Either way it a polishing job, get a ball or cone to polish it.

Sent from my GT-I9100 using Tapatalk


----------



## L16 JAY (Jul 28, 2011)

Thanks guys. The only things I've used on them is Auto Smart Ultra Mousse, Megs Hyper Wash and pat dry. I've tried mothers by hand and it simply won't budge. Do we recommend a machine polish? They're polished aluminium by the way


Sent from my iPhone using Tapatalk


----------



## Jam* (Apr 24, 2016)

Its could be oxidation, Is it white powder-ish gunk ?


----------



## fatdazza (Dec 29, 2010)

Were you aware that ultramousse is caustic? What dilution did you apply it?


----------



## L16 JAY (Jul 28, 2011)

fatdazza said:


> Were you aware that ultramousse is caustic? What dilution did you apply it?


I think the dilution is parts of the problems yes. I always use it in my snow foam lance with no problems but it was the first time using it in the pump sprayer and I think I've added too much detergent. Also, I think o may have left it to dry a little too much. What could I use to strip the Jet Seal and all products so I can start again?


----------



## Kimo (Jun 7, 2013)

I'd blame auto mousse 

As with a lot of auto smart stuff, it's cheap but effective because it's harsh cleaners


----------



## L16 JAY (Jul 28, 2011)

Kimo said:


> I'd blame auto mousse
> 
> As with a lot of auto smart stuff, it's cheap but effective because it's harsh cleaners


OK but does anyone actually know what's happened? I'm unaware if my Work Wheels have a "top coat" or what? It appears to be slightly shinier where the product has reacted. Do you think it's the sealant thats stripped?


----------



## m4rkymark (Aug 17, 2014)

the only people who will be able to tell you if it has some kind of top coat will be the people who make them.


----------



## euge07 (Jan 15, 2011)

off topic but judging from your username I think I remember it from the MLR Forum?

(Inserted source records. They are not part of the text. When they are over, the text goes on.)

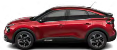
ČERVENÁ ELIXIR (P)
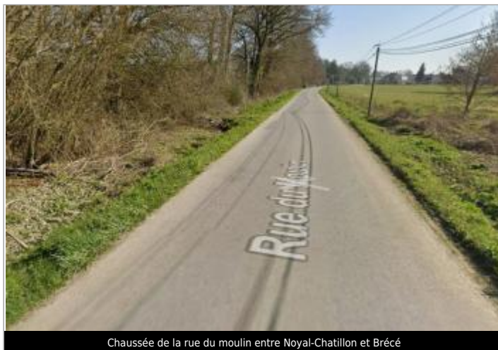
Chaussée de la rue du moulin entre Noyal-Chatillon et Brécé
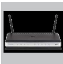
DIR-615 БЕСПРОВОДНОЙ МАРШРУТИЗАТОР 802.11N (проект) ДЛЯ ДОМА

Если что-либо из содержимого отсутствует, пожалуйста, обратитесь к Вашему поставщику.
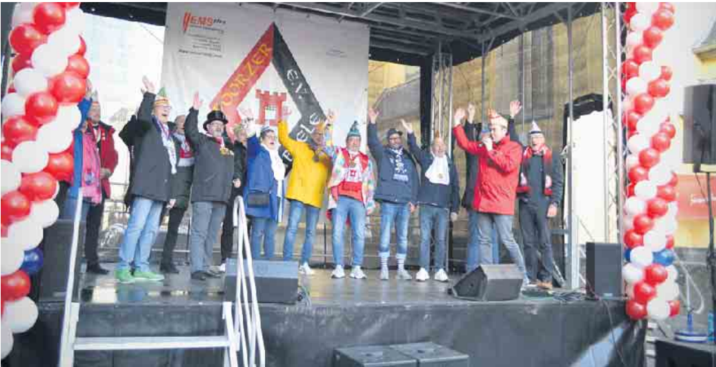
Die Präsident*innen der Porzer Gesellschaften auf der Bühne um 11:11 Uhr.

Festausschuss und Poorzer Nubbele haben wieder gemeinsam den Auftakt in die Närrische Zeit gestaltet
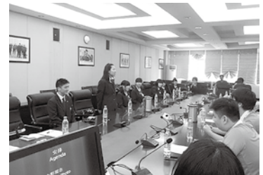
▲南京外国語学校での交流会

消防士になりたいです。ハイパーレスキュー隊に憧れています。中国訪問のために、中国語や英語も勉強しましたし、将来は、国際的な感覚も持って仕事ができればと思います。
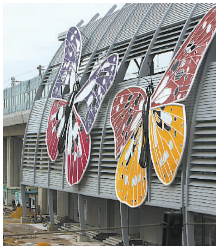
地铁梁祝站文化墙。
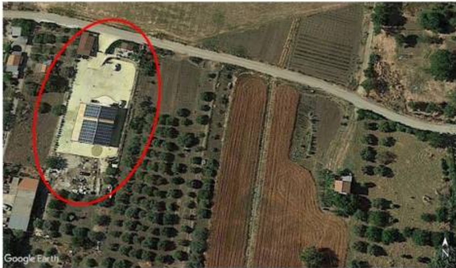
Ingrandimento immagine satellitare con indicato il lotto
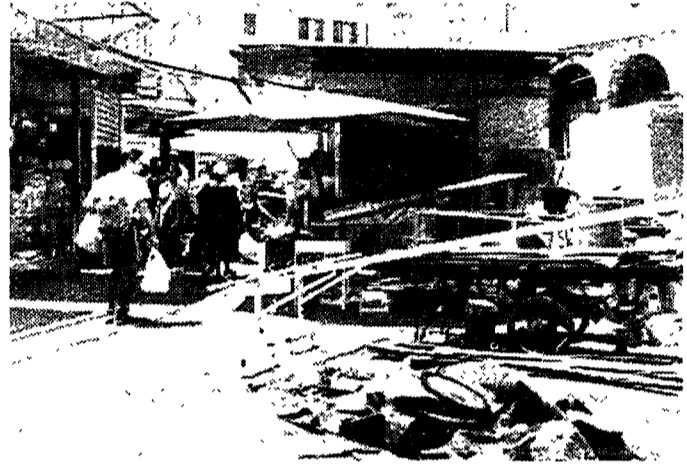
Il mercato di piazza Vittorio
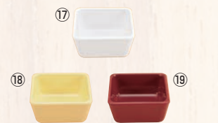
スクエアパーツ・ポーション 1/9 M-2391
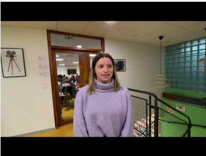
1 BTS SP3S Chloe ST2S Insertion Pro (Video Youtube)
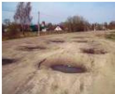
Разбитая дорога до села Марьинского
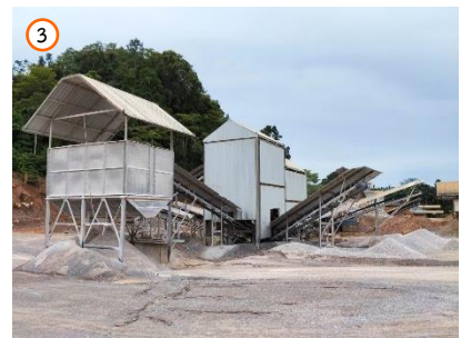
โรงโม้หินของโครงการ
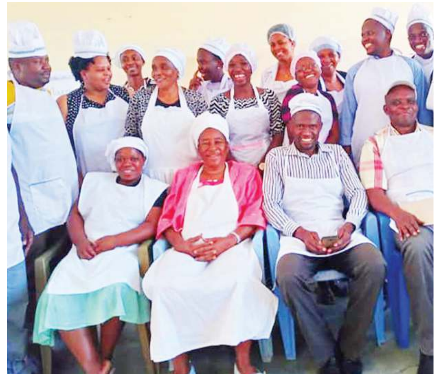
Baadhi ya wahitimu wa mafunzo maalumu ya ujasiriamali yanayoendesha na SIDO.

roshe, usindikaji mihogo na ukamuaji mafuta ya kula kutokana na michikichi;
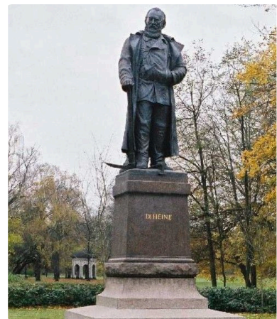
Q3 Carl-Heine-Denkmal in Leipzig

M9: Hier geht's zum Denkmal https://t1p.de/heinedenkmal

did you have/had a stunning grey evo 8?


----------



## tattoo2323 (May 6, 2016)

I had a similar problem a few years back with a set of custom aluminium wheels from the USA, the marks left were hard as nails and had a mineral type composition, I tried every product I could think of or get my hands on , cutting compounds, polishes, autosol etc and one product sorted it - cheap and cheerful meguiars metal polish from halfords, took it off perfectly and a couple of coats of wax and they were back to new again...

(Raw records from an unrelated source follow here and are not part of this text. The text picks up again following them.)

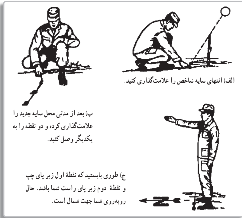
تصویر ۵-۹- روش جهت یابی به کمک سایه شاخص

۲- جهت یابی به کمک سایه شاخص : شاخص، چوب، میله یا هر شیء نسبتاً صاف و به طول تقریبی یک متر است که به صورت عمودی در زمینی مسطح نصب می‌شود. در این روش، پس از نصب شاخص، انتهای سایه آن را روی زمین با یک سنگ علامت گذاری می‌کنیم. پس از حدود پانزده تا بیست دقیقه محل جدید سایه شاخص را دوباره علامت گذاری می‌کنیم. حال اگر این دو نقطه را به یکدیگر وصل کنیم و طوری بایستیم که پای چپ روی نقطه اول و پای راست روی نقطه دوم باشد، روبه‌روی ما شمال و پشت سرمان نیز جنوب خواهد بود.
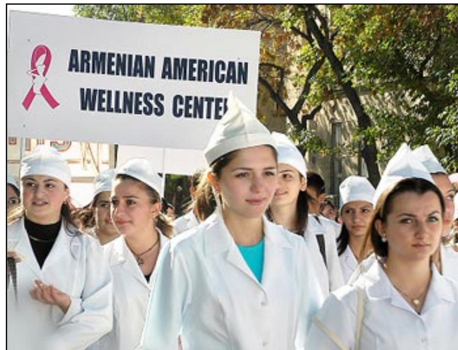
Doctors from other medical institutions in Yerevan participating in the Annual Health Walk, sponsored every year by the Wellness Center in October, during Breast Cancer Awareness Month.

newal and the much-needed peace in the Caucasus Region.
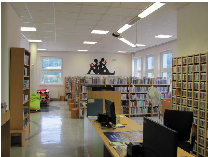
Nové interiéry oddělení pro děti a mládež

Modernizace se obešla bez stavebních úprav. Hudební oddělení se přesunulo do části knihovny věnované nejmenším čtenářům. Úpravami prošlo také dětské oddělení, které bylo nově vybaveno pohodlným sedacím nábytkem.
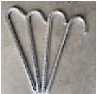
Piquets d'ANCRAGE 50
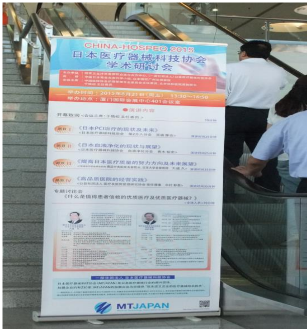
学術シンポジウム告知バナー
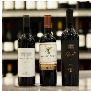
ワインショップ・エノテカ&バー (本館 3F) 5,000円 (5,500～46,200円相当) 10,000円 (11,000～99,000円相当) 各限定50個

※福袋には、ワイン1本が入っています。 ※5,000円の福袋の中身イメージです。
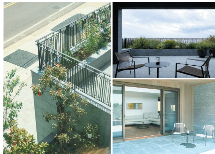
リビングのソファからも楽しめるように正面に設えた花壇が、四季の移ろいを日々の中にもやわらかく取り込みます。 ベルギーのアウトドア家具メーカーTRIBU (トリビュ) のラウンジチェアとサイドテーブル
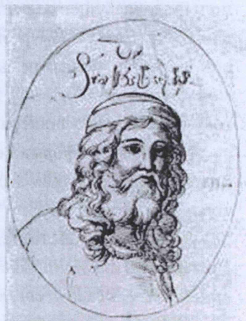
Рисунок Дона Кристофора де Каstellи.
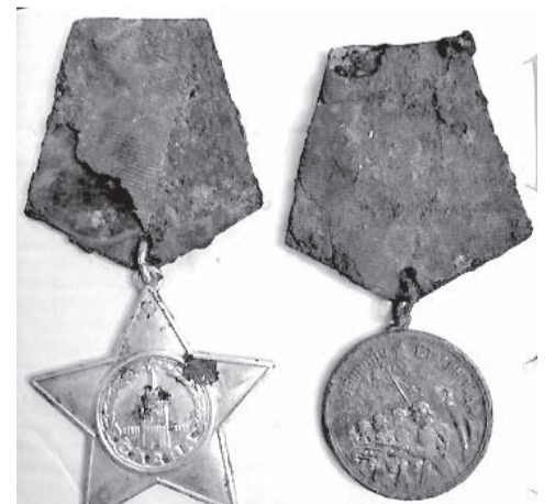
Награды: орден Славы III степени и медаль «За оборону Сталинграда»

Захваченного лётчика немцы, вероятно, отправили в ближайший лагерь для военнопленных при станции Штаблак, находившийся близ г. Пройсиш-Эйлау (нынешний Багратионовск). Перед его занятием нашими наступающими частями пленных эвакуировали, отправили морем через порт Пиллау (Балтийск) в Германию: документы свидетельствуют о пребывании лётчика до конца войны в лагере № 13-Б, военный округ «Нюрнберг». Но территория лагеря № 1-А Штаблак занимала как раз та стрелковая дивизия, в которой служил красноармеец из Ленинграда, чьи останки, как теперь предполагается, были найдены поисковиками. Не исключено, что солдат нашёл его где-нибудь в комендатуре лагеря среди наград, отнятых немцами у пленных, и взял его с собой.
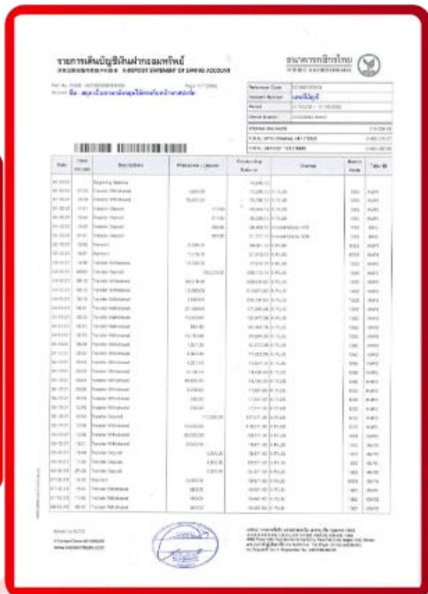
ตัวอย่าง Bank Statement ที่ผู้สมัครต้องขอธนาคาร

3.4 ปรับสมุดบัญชีธนาคารตัวจริง และเตรียมไปในวันที่ยื่นวีซ่า
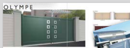
Lancement de 51 nouveaux modèles de portails pour la collection "Créative" chez ROCHE.
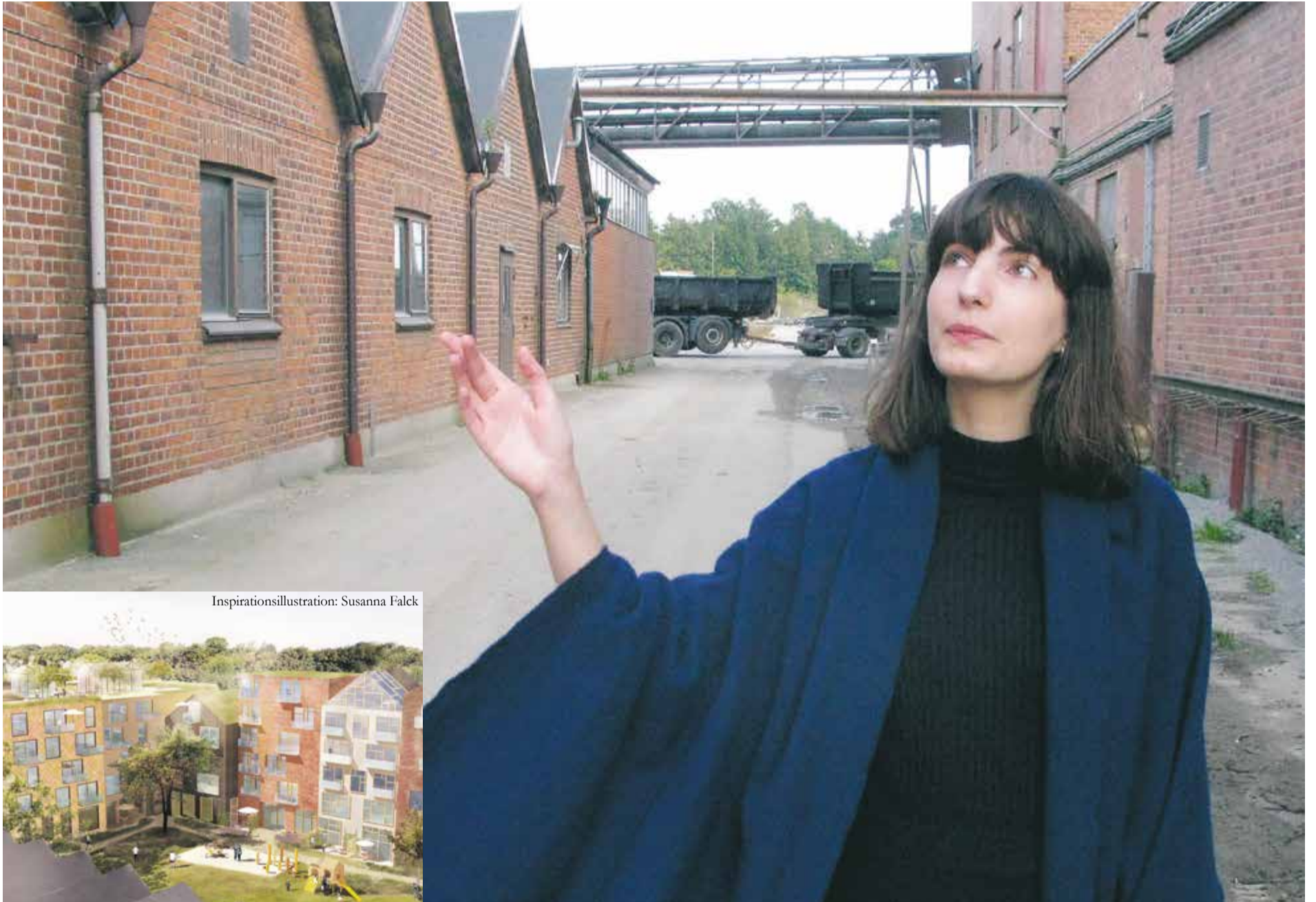
Inspirationsillustration: Susanna Falck
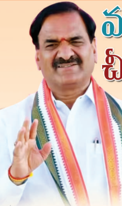
రంగారెడ్డి జిల్లా ప్రతినిధి (జనంసాక్షి)

Sent from my GT-P5210 using Tapatalk


----------



## L16 JAY (Jul 28, 2011)

euge07 said:


> off topic but judging from your username I think I remember it from the MLR Forum?
> 
> did you have/had a stunning grey evo 8?


This one?

Untitled

Sold that a few years back and built this S14a over the last 2 years 

Photo 24-04-2016, 08 35 47

Photo 24-04-2016, 08 36 15


----------



## L16 JAY (Jul 28, 2011)

tattoo2323 said:


> I had a similar problem a few years back with a set of custom aluminium wheels from the USA, the marks left were hard as nails and had a mineral type composition, I tried every product I could think of or get my hands on , cutting compounds, polishes, autosol etc and one product sorted it - cheap and cheerful meguiars metal polish from halfords, took it off perfectly and a couple of coats of wax and they were back to new again...
> 
> Sent from my GT-P5210 using Tapatalk


That's great thanks man, I'll try that for the sake of £7


----------



## steelghost (Aug 20, 2015)

You've got polished aluminium wheels, possibly with a very light layer of lacquer on them. You've then applied a caustic cleaner which appears to have burnt through the lacquer and corroded the aluminium underneath. 

Fortunately the damage looks to be superficial so should be possible to polish out. The only problem is I don't know how you'd polish the bits around where the bolts heads are, maybe you could use a dremel and assorted polishing attachments to work around it - although then you risk serious damage if you slip up.
I also don't know if you could polish it out that way and get an "even" finish - I suspect to get them looking "as new" you'd need to dismantle the wheels, polish the lot and put them back together. Happy to be proven wrong on this latter point, and a mild metal polish like the one suggested above is certainly worth a go before you start taking things to bits.


----------